# Introduction to Ray Serve with PyTorch



💻 **Launch Locally**: You can run this notebook locally, but performance will be reduced.

🚀 **Launch on Cloud**: A Ray Cluster (Click [here](http://console.anyscale.com/register) to easily start a Ray cluster on Anyscale) is recommended to run this notebook.

This notebook will introduce you to Ray Serve with PyTorch, a framework for building and deploying scalable ML applications.

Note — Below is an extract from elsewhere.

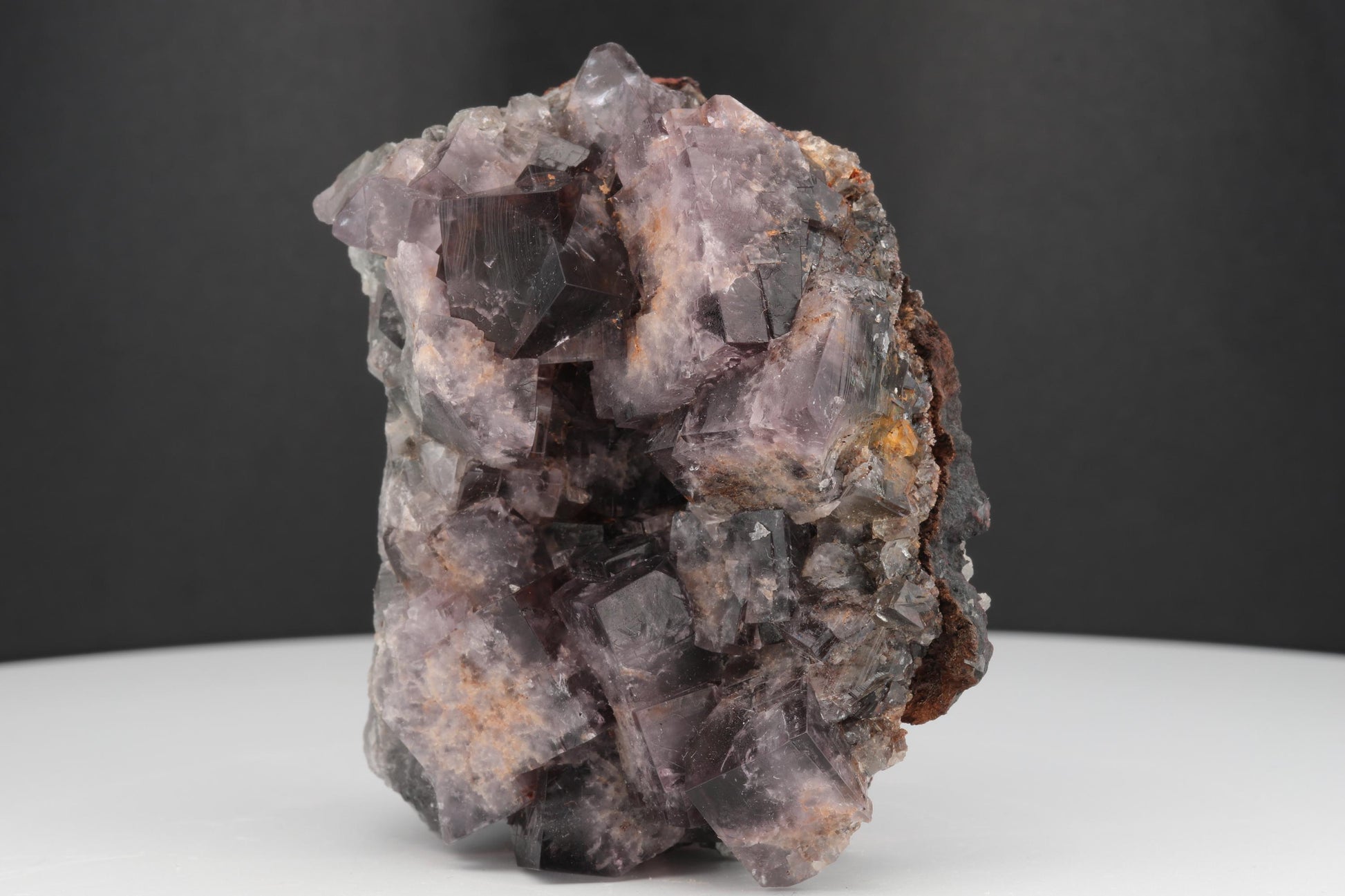 Magnifique spécimen de fluorite issu de la fameuse "Purple Rain Pocket" de la Lady Annabella Mine en Angleterre. Cette pièce de 142 grammes se distingue par ses cristaux cubiques de fluorite aux nuances subtiles de violet et de gris lavande, sublimées par des inclusions naturelles de minéraux terreux qui ajoutent une touche de contraste fascinante. Le spécimen mesure 6,5 cm de haut, 5,5 cm de large et 3 cm d'épaisseur, offrant une profondeur visuelle et un caractère minéral unique.

<div class="alert alert-block alert-info">
    
<b>Here is the roadmap for this notebook:</b>

<ul>
    <li><b>1.</b> When to consider Ray Serve</li>
    <li><b>2.</b> Overview of Ray Serve</li>
    <li><b>3.</b> Implement an image classification service</li>
    <li><b>4.</b> Development workflow with Ray Serve </li>
</ul>
</div>

**Imports**

In [None]:
import subprocess
from typing import Any

import json
import numpy as np
import requests
import torch
from ray import serve
from starlette.requests import Request

## 1. When to Consider Ray Serve

Consider using Ray Serve for your project if it meets one or more of the following criteria:

| **Challenge** | **Details** | **Ray Serve Solution** |
|---------------|------------------|--------------------------|
| **Slow iteration speed for ML engineers** | - Developers need to containerize and rollout components on Kubernetes to test changes<br>- Developers need to use complex protocols (e.g. gRPC) to achieve acceptable performance | - Provides a Python-first API to develop lightweight services<br>- Services are lightweight [Ray actors](https://docs.ray.io/en/latest/ray-core/actors.html)<br>- Ray Serve can be run locally for development |
| **Need to efficiently compose multiple components** | - Requires efficient data sharing between components<br>- Implementing performant streaming protocols (e.g. gRPC) is a complex task | - Relies on [Ray's object store](https://docs.ray.io/en/latest/ray-core/objects.html) to share data optimally<br>- Avoids the need to implement gRPC streaming |
| **Poor utilization of expensive hardware** | Suffering from poor utilization due to naive request handling | - Offers [dynamic batching of requests](https://docs.ray.io/en/latest/serve/advanced-guides/dyn-req-batch.html) to improve hardware utilization<br>- Leverages Ray Core's support for accelerators and custom resources:<br>&nbsp;&nbsp;&nbsp;&nbsp;• [Multi-node/multi-GPU serving](https://docs.ray.io/en/latest/serve/tutorials/vllm-example.html)<br>&nbsp;&nbsp;&nbsp;&nbsp;• [Fractional compute resource usage](https://docs.ray.io/en/latest/serve/configure-serve-deployment.html)<br>- RayTurbo Serve offers [replica compaction](https://www.anyscale.com/blog/new-feature-replica-compaction?_gl=1*lrhlou*_gcl_au*OTY4NjkwODIzLjE3Mzg1Mjc2MzA.) |
| **High-latency outliers when juggling many models** | Stuck with naive load balancing and expensive state loading (e.g. ML models) | - Provides [model multiplexing](https://docs.ray.io/en/latest/serve/model-multiplexing.html) to avoid unnecessary load times<br>- Routes to replicas that already have a model loaded |


## 2. Overview of Ray Serve

Serve is a framework for serving ML applications. 

### Applications

Here is a high-level overview of the architecture of a Ray Serve Application.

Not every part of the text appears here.